**Task description**
For this exercise, output the entries below exactly from the line that holds "IFB 425L Frost" to the line that holds "سومین شماره نشریه", both ends included. No pictures belong in the copy.

Data excerpts:

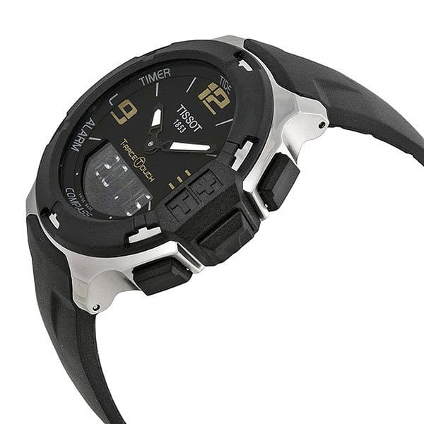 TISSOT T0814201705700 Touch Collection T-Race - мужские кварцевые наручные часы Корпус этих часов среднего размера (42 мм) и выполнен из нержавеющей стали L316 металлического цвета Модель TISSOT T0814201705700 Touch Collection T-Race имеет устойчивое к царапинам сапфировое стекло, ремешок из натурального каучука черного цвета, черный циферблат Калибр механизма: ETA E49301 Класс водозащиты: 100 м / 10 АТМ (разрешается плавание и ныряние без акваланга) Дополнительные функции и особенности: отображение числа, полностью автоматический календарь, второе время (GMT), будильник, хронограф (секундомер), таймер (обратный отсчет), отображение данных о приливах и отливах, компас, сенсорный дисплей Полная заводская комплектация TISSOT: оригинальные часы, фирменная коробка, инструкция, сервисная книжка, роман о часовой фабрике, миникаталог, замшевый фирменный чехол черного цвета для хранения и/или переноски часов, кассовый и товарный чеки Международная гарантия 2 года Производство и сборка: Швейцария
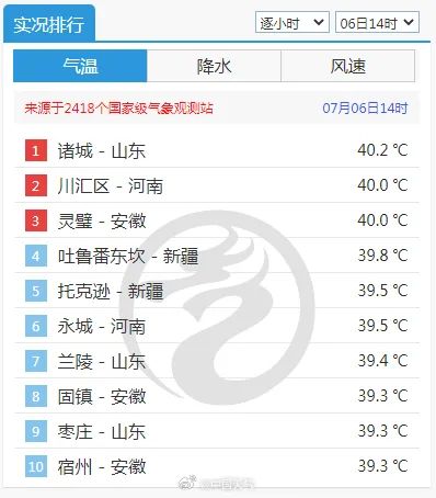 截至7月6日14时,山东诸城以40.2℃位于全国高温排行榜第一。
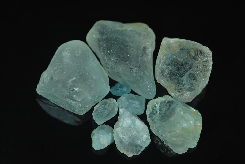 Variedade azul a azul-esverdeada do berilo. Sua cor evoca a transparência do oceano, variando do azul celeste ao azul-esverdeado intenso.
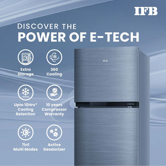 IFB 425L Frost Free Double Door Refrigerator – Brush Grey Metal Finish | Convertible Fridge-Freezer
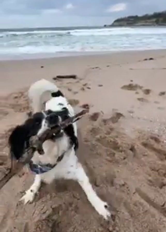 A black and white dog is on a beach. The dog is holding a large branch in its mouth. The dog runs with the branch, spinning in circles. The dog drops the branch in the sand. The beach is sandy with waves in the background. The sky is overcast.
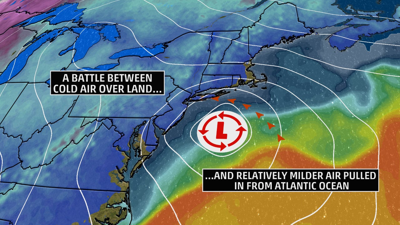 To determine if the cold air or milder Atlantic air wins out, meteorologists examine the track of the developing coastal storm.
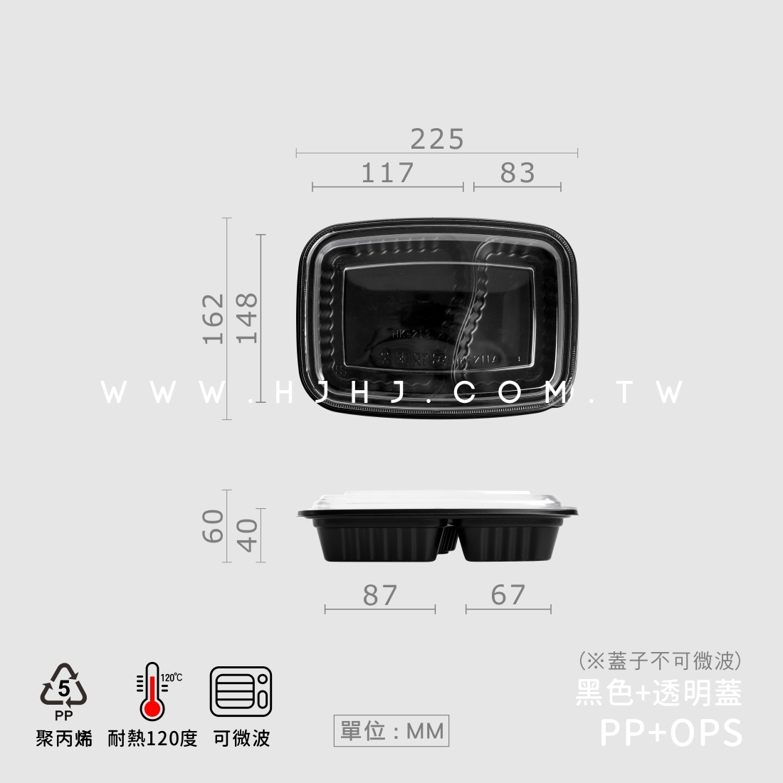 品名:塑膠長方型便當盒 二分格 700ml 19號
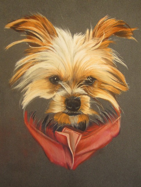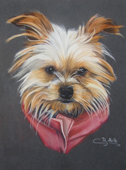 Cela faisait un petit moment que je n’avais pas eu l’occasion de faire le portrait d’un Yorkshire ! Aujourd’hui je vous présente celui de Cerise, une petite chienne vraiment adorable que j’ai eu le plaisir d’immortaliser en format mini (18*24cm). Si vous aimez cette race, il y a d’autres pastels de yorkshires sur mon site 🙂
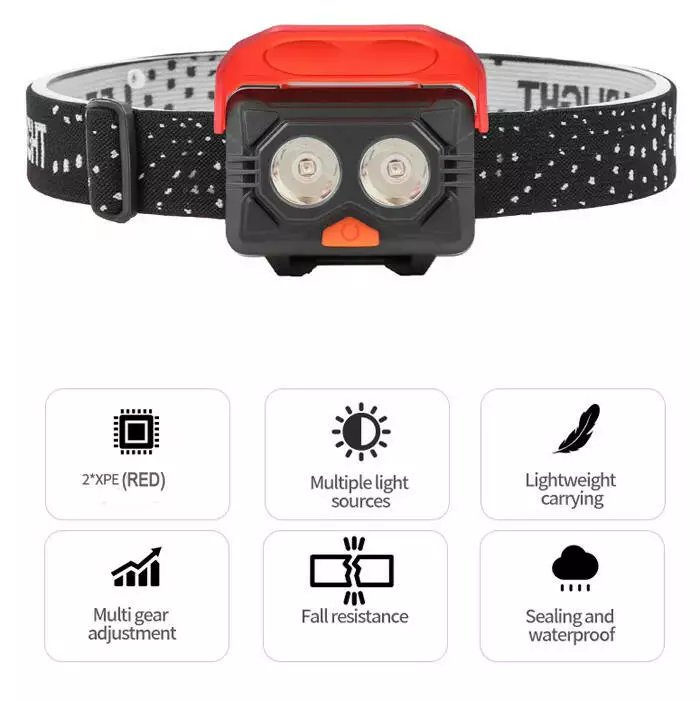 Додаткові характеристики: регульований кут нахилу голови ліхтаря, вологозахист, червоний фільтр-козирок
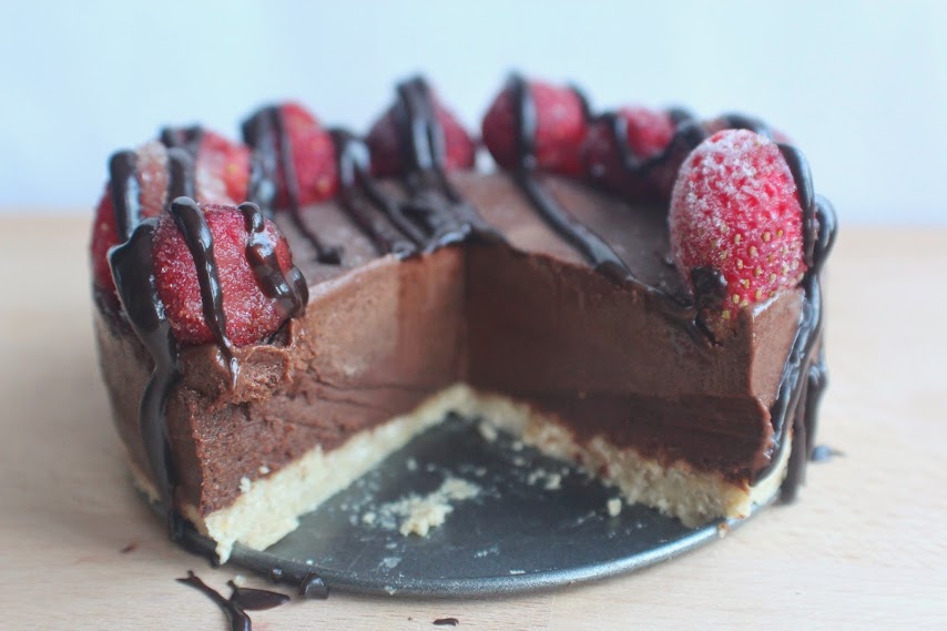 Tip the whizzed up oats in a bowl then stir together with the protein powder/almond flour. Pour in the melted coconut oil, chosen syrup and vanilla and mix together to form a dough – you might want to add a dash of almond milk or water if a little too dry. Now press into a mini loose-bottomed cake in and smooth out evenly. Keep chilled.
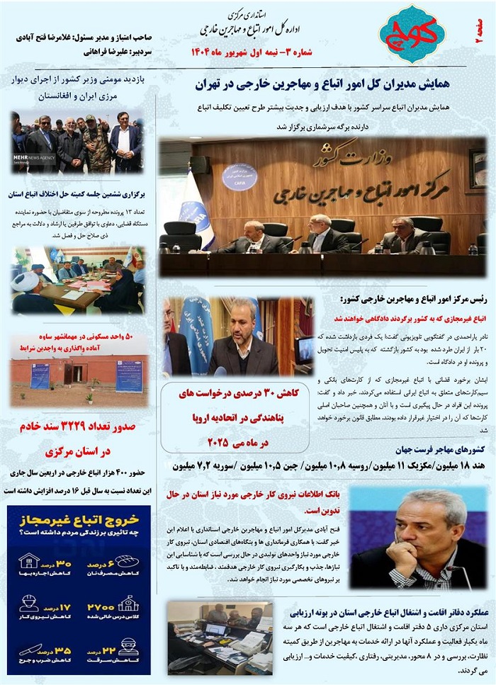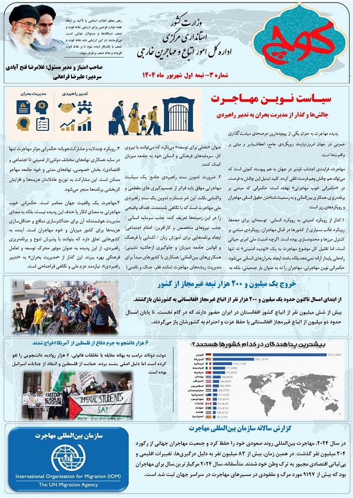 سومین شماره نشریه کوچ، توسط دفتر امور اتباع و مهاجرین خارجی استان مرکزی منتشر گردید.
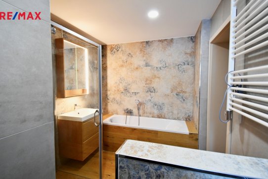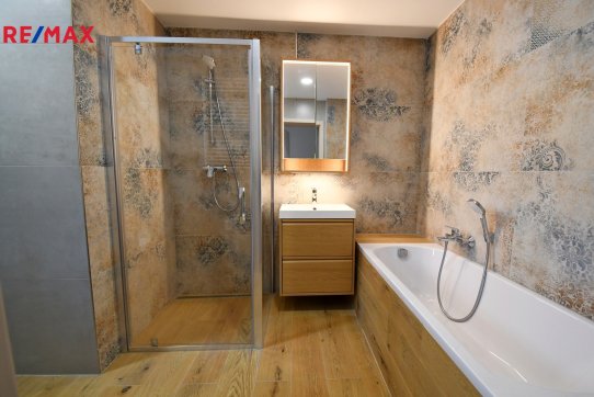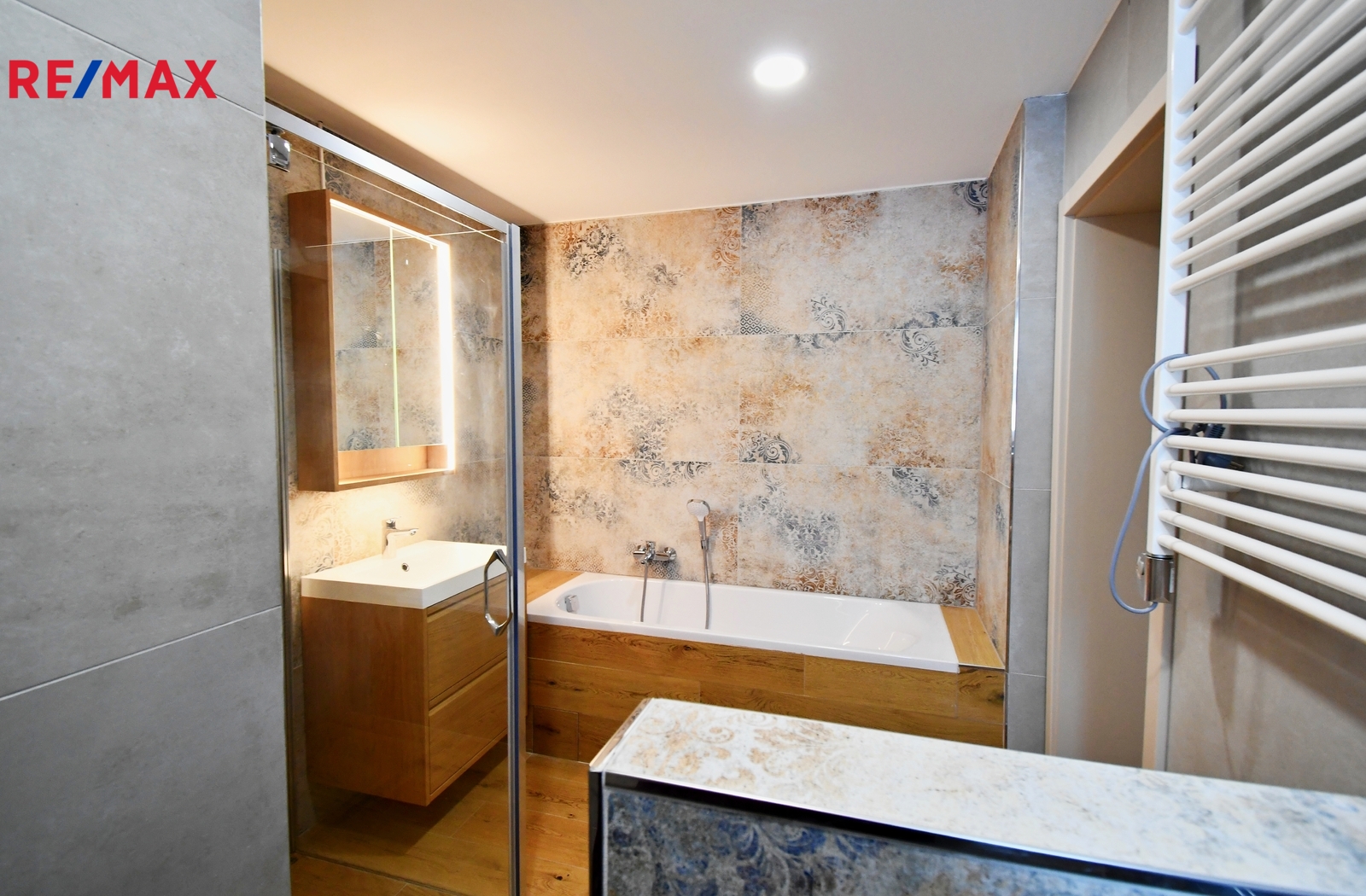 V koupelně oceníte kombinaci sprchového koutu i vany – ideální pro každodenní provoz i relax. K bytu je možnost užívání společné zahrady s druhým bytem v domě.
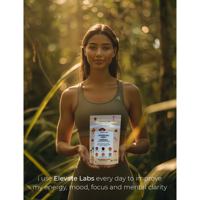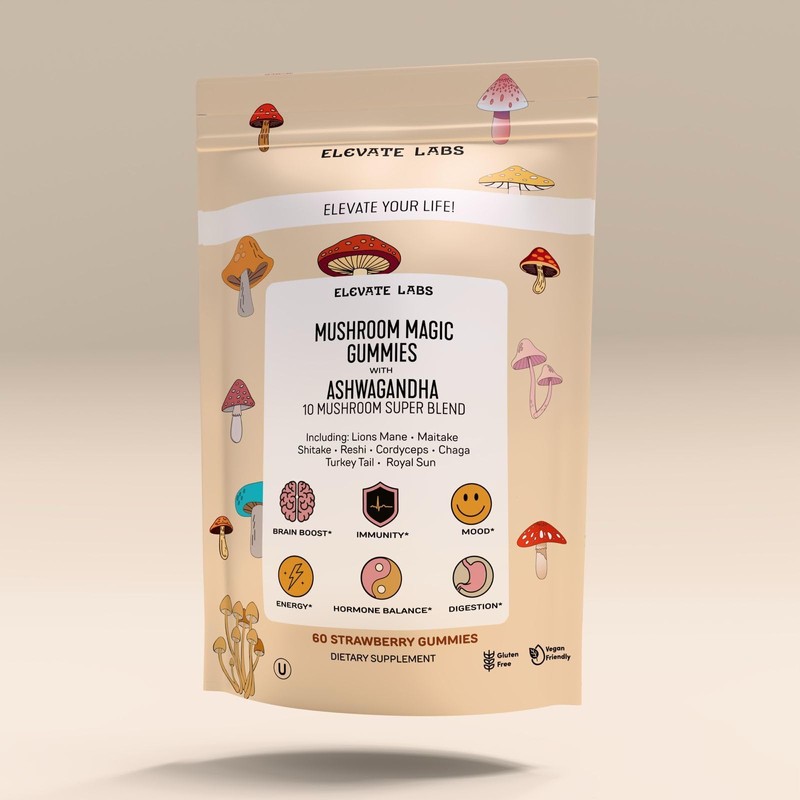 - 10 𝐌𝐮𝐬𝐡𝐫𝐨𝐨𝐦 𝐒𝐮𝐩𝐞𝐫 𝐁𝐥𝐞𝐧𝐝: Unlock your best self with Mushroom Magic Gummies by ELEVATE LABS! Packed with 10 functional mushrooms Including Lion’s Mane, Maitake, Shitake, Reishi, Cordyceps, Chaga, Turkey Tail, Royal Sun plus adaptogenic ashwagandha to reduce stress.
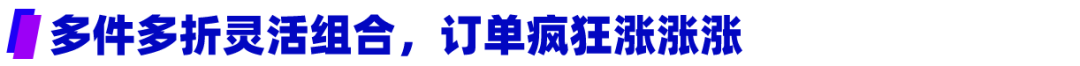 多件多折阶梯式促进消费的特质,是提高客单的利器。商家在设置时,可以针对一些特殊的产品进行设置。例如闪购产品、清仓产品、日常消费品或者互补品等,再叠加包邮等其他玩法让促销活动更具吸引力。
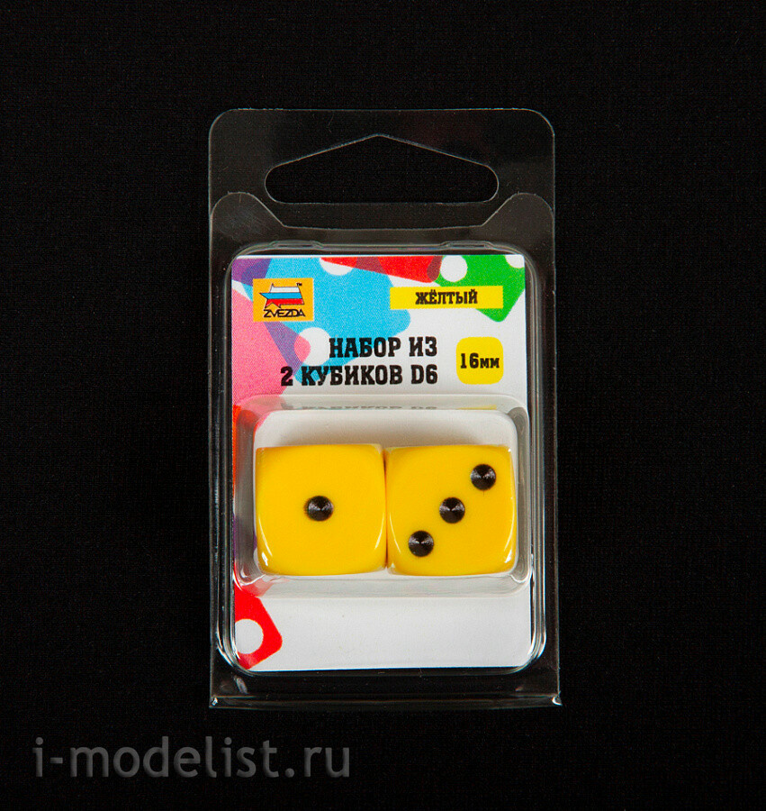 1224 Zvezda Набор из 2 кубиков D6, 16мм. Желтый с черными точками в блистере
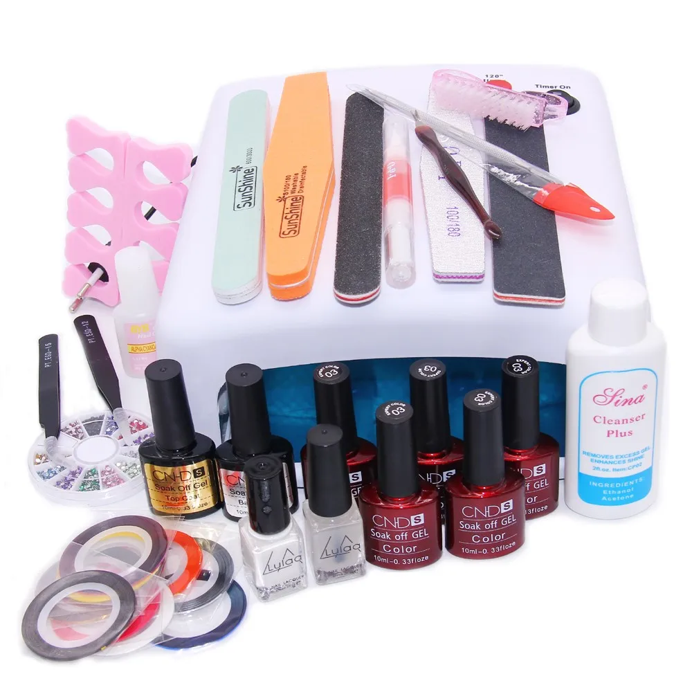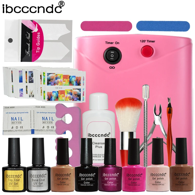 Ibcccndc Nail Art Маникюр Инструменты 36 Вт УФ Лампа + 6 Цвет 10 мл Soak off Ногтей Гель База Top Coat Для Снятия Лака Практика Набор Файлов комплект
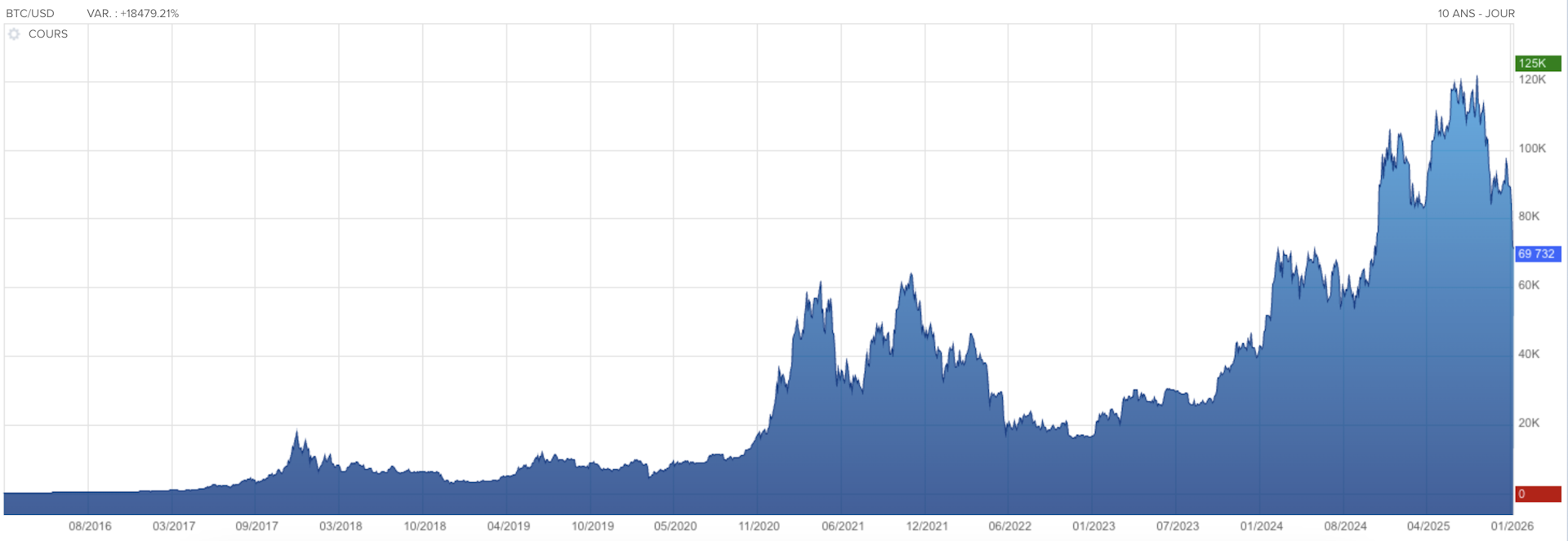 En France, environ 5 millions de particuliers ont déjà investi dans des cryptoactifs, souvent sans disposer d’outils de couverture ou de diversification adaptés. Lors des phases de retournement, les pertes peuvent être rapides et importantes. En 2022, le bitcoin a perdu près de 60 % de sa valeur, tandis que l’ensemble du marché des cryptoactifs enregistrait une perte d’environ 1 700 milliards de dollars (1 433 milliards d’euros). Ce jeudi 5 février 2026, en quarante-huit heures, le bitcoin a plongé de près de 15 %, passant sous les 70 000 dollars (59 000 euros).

**Exercise response**
 IFB 425L Frost Free Double Door Refrigerator – Brush Grey Metal Finish | Convertible Fridge-Freezer
 A black and white dog is on a beach. The dog is holding a large branch in its mouth. The dog runs with the branch, spinning in circles. The dog drops the branch in the sand. The beach is sandy with waves in the background. The sky is overcast.
 To determine if the cold air or milder Atlantic air wins out, meteorologists examine the track of the developing coastal storm.
 品名:塑膠長方型便當盒 二分格 700ml 19號
 Cela faisait un petit moment que je n’avais pas eu l’occasion de faire le portrait d’un Yorkshire ! Aujourd’hui je vous présente celui de Cerise, une petite chienne vraiment adorable que j’ai eu le plaisir d’immortaliser en format mini (18*24cm). Si vous aimez cette race, il y a d’autres pastels de yorkshires sur mon site 🙂
 Додаткові характеристики: регульований кут нахилу голови ліхтаря, вологозахист, червоний фільтр-козирок
 Tip the whizzed up oats in a bowl then stir together with the protein powder/almond flour. Pour in the melted coconut oil, chosen syrup and vanilla and mix together to form a dough – you might want to add a dash of almond milk or water if a little too dry. Now press into a mini loose-bottomed cake in and smooth out evenly. Keep chilled.
 سومین شماره نشریه کوچ، توسط دفتر امور اتباع و مهاجرین خارجی استان مرکزی منتشر گردید.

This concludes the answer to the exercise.